A history at its most glorious in the early years, certainly, but a relationship sustained through mutual loyalty and confused state of minds.
A relationship that survived the considerable strains placed upon it by the seismic move from PDPs underperforming years to Al—Makura’s performing days.
A relationship nurtured by the recognition that Al—Makura laboured under severe communal crises for years.
Recognition, that despite those restrictions, despite the crises, Al—Makura has kept his state and APC in the mix of positive public glare.
There is gratitude to Al—Makura in the state and beyond for that. There is gratitude for everything he has achieved.
Nasarawa State could, for instance, have had Plateau’s history over the last 10 years of perennial killings. It is down to Al—Makura that the state has witnessed some physical developments.
But now Al—Makura faces a horrible dilemma. Because slowly, Al—Makura, too, has become the problem, not the solution, in Nasarawa State.
Seasons after season, the people lament Nasarawa’s failure to mount a prolonged challenge for true peace and development.
For some months, the unrest is more voluble than other months but it is always there.
Sometimes it sticks in the throats of the Nasarawa people because they know how much they owe the APC governor.
They know that, in many ways, they owe him plenty. He built the modern Nasarawa State. He has become one of the greatest figures in the opposition politics in this country.
And yet a terrible paradox is gripping Nasarawa now: The state is awash with bright, young talents and yet it feels as if it is a state of atrophy.
It takes a step forward and then it takes two steps back.
Problems are identified but they are not quickly or ever fixed. And by the time they are remedied, there is another problem to fix.

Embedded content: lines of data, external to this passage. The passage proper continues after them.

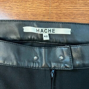 HACHE Women’s Black Stretchy Leather Trim Pants Sz 42 US S Made in Italy 🇮🇹
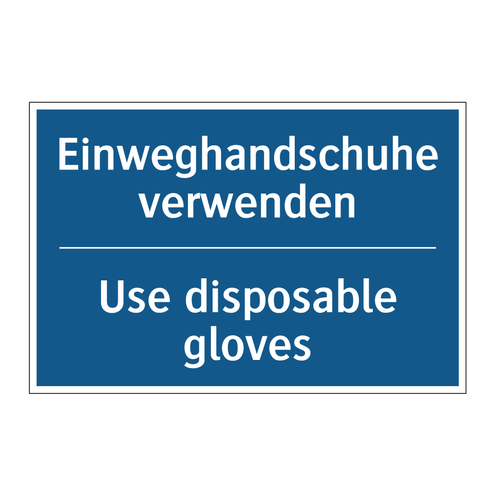 Entdecken Sie die Vielseitigkeit dieser Gebotsschild, die sowohl auf Deutsch als auch auf Englisch gestaltet ist. Diese zweisprachige Beschilderung ist ideal für internationale Umgebungen, in denen klare Kommunikation entscheidend ist. Sie dient dazu, die Verwendung von Einweghandschuhen in Bereichen wie Laboren, Krankenhäusern oder Lebensmittelverarbeitungsbetrieben zu fördern. Die auffällige blaue Hintergrundfarbe mit weißer Schrift sorgt dafür, dass die Anweisung leicht erkennbar ist. Platzieren Sie diese Gebotsschild an Eingängen, in Umkleideräumen oder an Arbeitsstationen, um die Einhaltung von Hygienestandards sicherzustellen. Die zweisprachige Gestaltung erhöht die Verständlichkeit und minimiert Missverständnisse, was zu einer sichereren und effizienteren Arbeitsumgebung beiträgt.
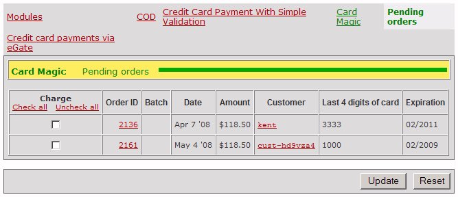 Note that some payment modules, such as the Miva "Simple Validation" module, do not actually charge credit cards; they just save the card number and other information so that you can manually process it later. These modules can be used with Card Magic. If you are using such a module, while reading this document, keep in mind that for your store, "charging the card" just means storing the information so you can view it later.
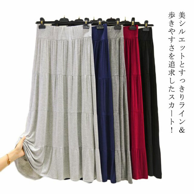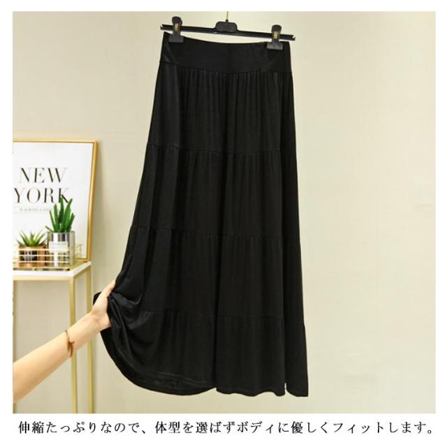 フリルロングスカート aラインスカート スカート フレアスカート ロングスカート 大人 可愛い レディーススカート ロング マキシ スカート ゆれゆれ
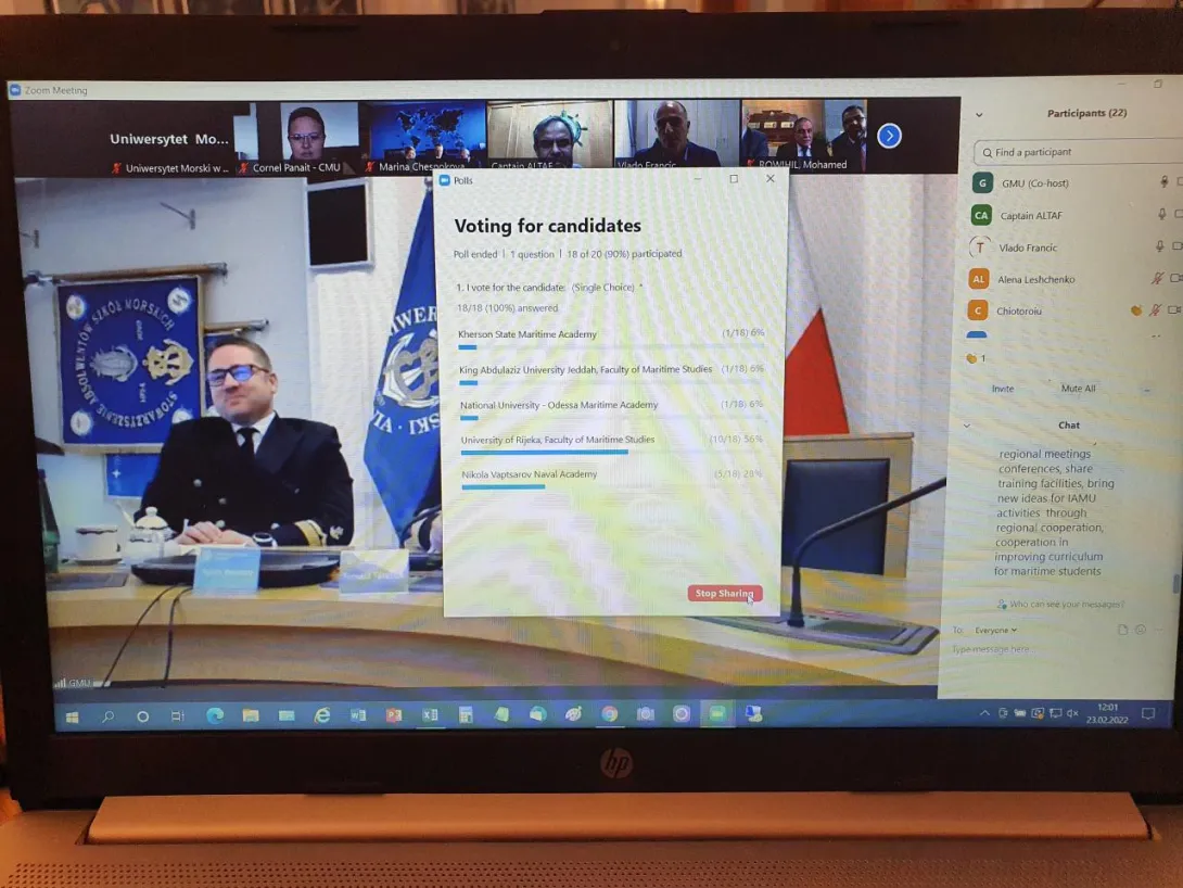 Spotkanie i wybory odbyły się 23 lutego 2022 roku w trybie online. Poprowadził je JM Rektor UMG prof. dr hab. inż. kpt. ż.w. Adam Weintrit oraz pełnomocnik rektora ds. IAMU - dr hab. Adam Przybyłowski, prof. UMG.
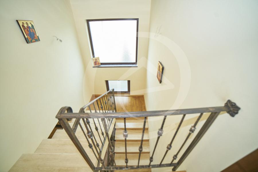 Una dintre notele elegante ale proprietatii este data de amprenta investitionala, regasind-o atat la parter cat si la etaj in amplasarea marmurei si travertinului alcatuind un ambient cozy si in acelasi timp distins.
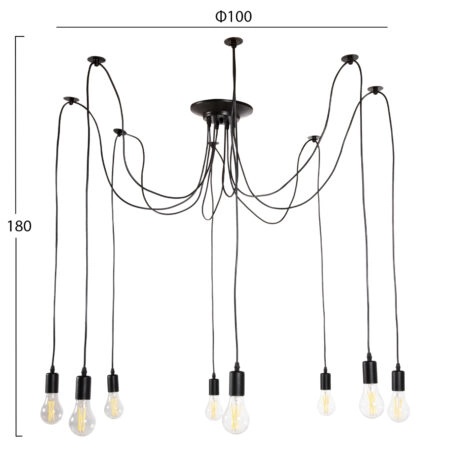 ΦΩΤΙΣΤΙΚΟ ΟΡΟΦΗΣ ΚΡΕΜΑΣΤΟ 8-ΦΩΤΟ HM4176 ΜΑΥΡΟ ΜΕΤΑΛΛΙΚΟ-ΜΑΥΡΑ ΚΑΛΩΔΙΑ Φ100×180Υ
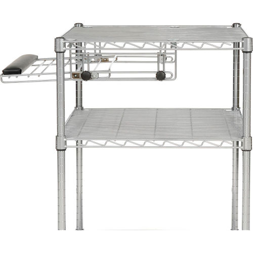 Organize computer and electronic equipment with ease with this computer workstation. Open wire design minimizes dust accumulation and maximizes light and air circulation. Three shelves adjust on 1" increments. Sliding keyboard shelf with cushioned wrist rest accepts keyboards up to 21"W x 11"D. 6" height adjustment to ensure a comfortable typing position. Optional four 5" gray polyurethane or 2" dual-wheel, non-marring, swivel casters (two with dual lock). Attractive chrome finish. Easy assembly. Please Note: Optional document holder and caster set are sold separately. Devices depicted in the image gallery are not included.
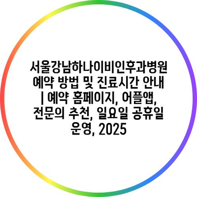 서울강남하나이비인후과병원 예약 방법 및 진료시간 공지 | 예약 홈페이지, 어플앱, 전연락 추천, 일요일 공휴일 운영, 2025 에 대해 자주 묻는 질문 TOP 5
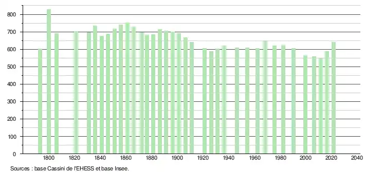 L'évolution du nombre d'habitants est connue à travers les recensements de la population effectués dans la commune depuis 1793. Pour les communes de moins de 10 000 habitants, une enquête de recensement portant sur toute la population est réalisée tous les cinq ans, les populations légales des années intermédiaires étant quant à elles estimées par interpolation ou extrapolation[32]. Pour la commune, le premier recensement exhaustif entrant dans le cadre du nouveau dispositif a été réalisé en 2006[33].
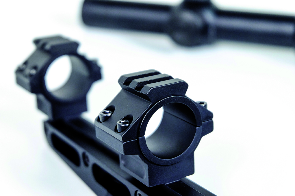 Applicabile all’onnipresente supporto Weaver / Picatinny, dispone di anelli da 30 millimetri distanziati di 80 millimetri che, con i corretti riduttori in alluminio (forniti in dotazione), ospitano anche i tubi da un pollice, più frequenti sul mercato statunitense che su quello nazionale. Sua caratteristica è la possibilità di regolazione sul piano verticale (7 millimetri rispetto all’altezza minima) e longitudinale; in questo caso, la presenza di appositi recessi permette di muovere l’ottica in un range di 40 millimetri a passi di 10 millimetri. Garantendo quel “tiro” che a volte è necessario quando si utilizzino armi particolari.
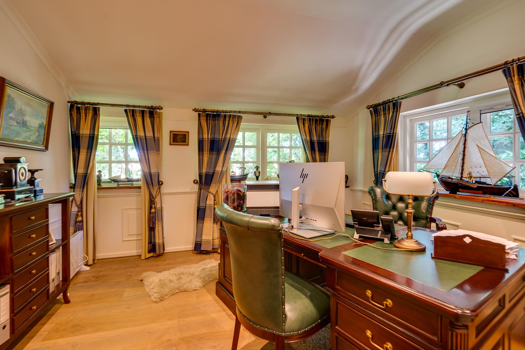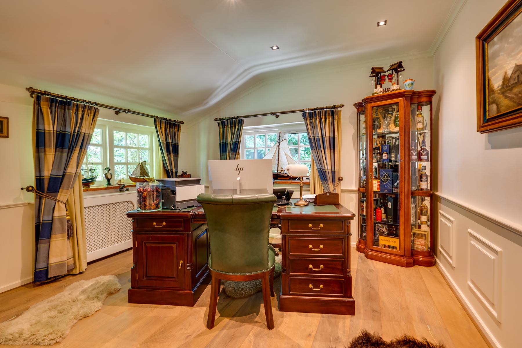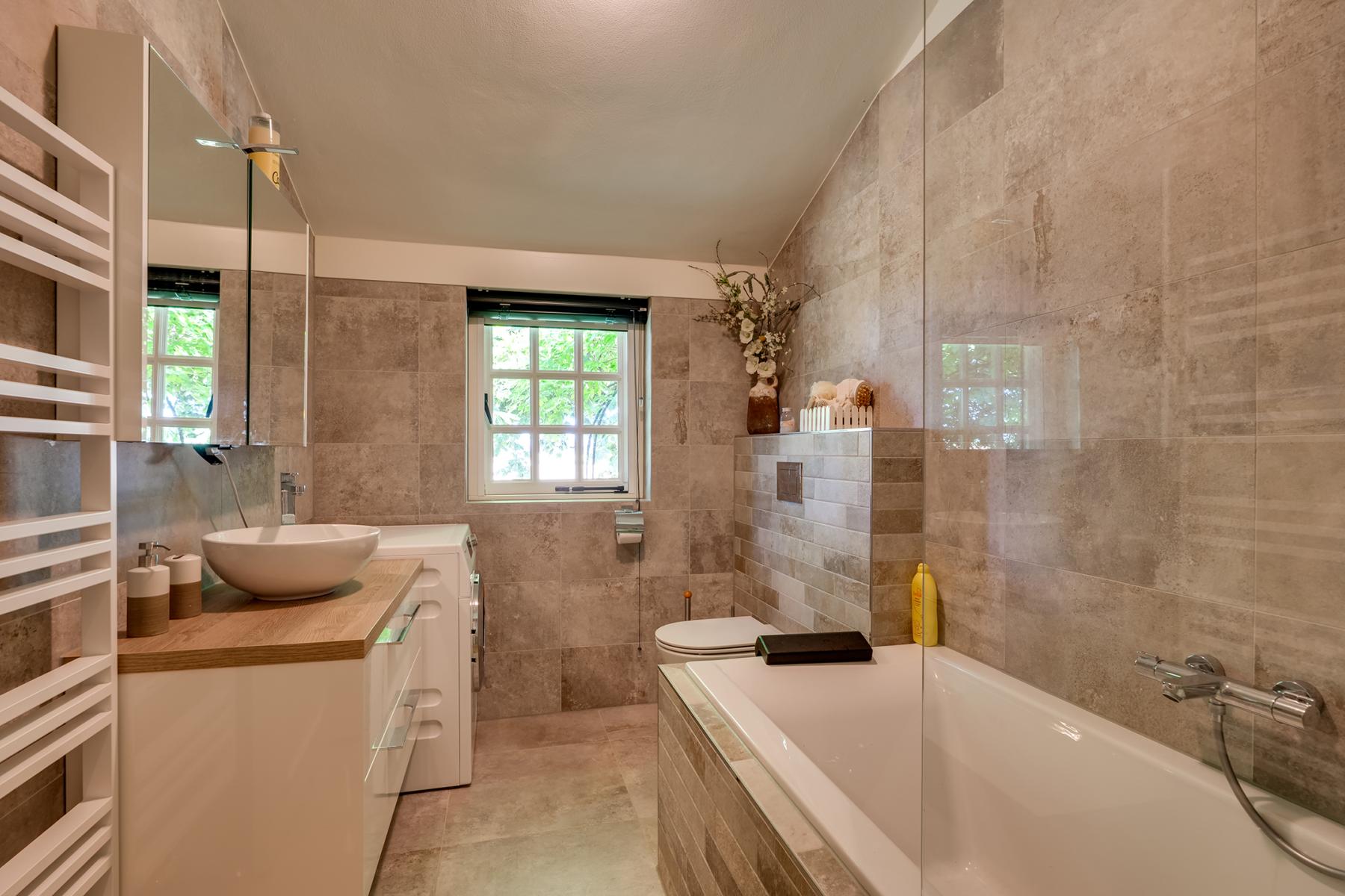 Op de begane grond vind je verder een ruime werkkamer, een slaapkamer en een badkamer. De badkamer is uitgerust met een ligbad, wastafelmeubel en wasmachine-aansluiting.
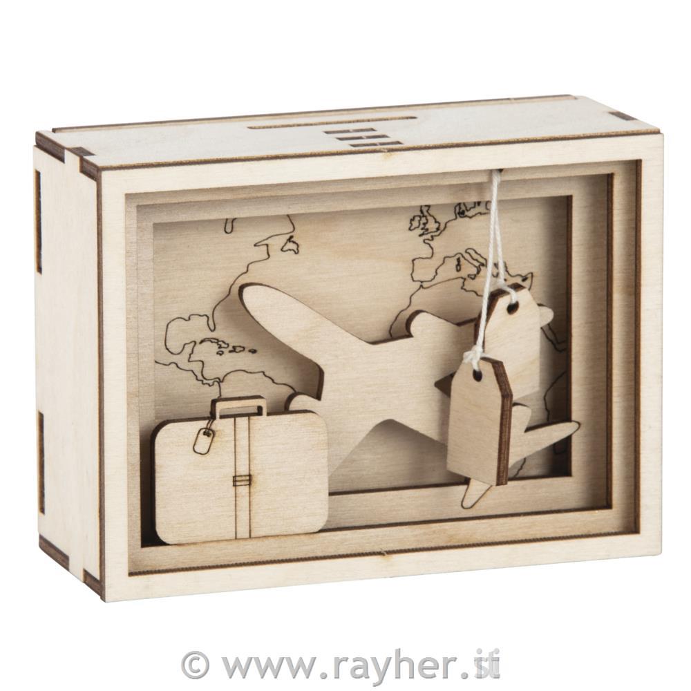 Lesena 3D škatla za darilo "Potovanje", 11.5x8.5x5cm

That feeling of progressive change and vitality has gone. It has been replaced by a reluctant acceptance that we admire Al-Makura now for what he once was, not what he might yet achieve.
Many people, in the state, know this and yearn for change. Some hold it in as their guilty secret.
Even though some politicians broke ranks recently and criticised Al-Makura, there is little appetite in especially Lafia, the capital of the state and where he hails from, to dump him.
How can you dump Al-Makura? But even if there is great appetite among the electorate to usher him towards the door, that will not change whatever the number of people that will continue to suffer, socially and economically, because solutions are not implemented where the problems are detected by this government and because the policies of the government are only designed to create and sustain hardships.
Regrettably, Al-Makura, too, was the solution once, of course.
How sweet it would feel if he could be once again, but that is a dream that is fast fading.
The governor has since lost touch with the realities of the state and now appears set, considering his actions and inactions, to only help himself out of the seat of power.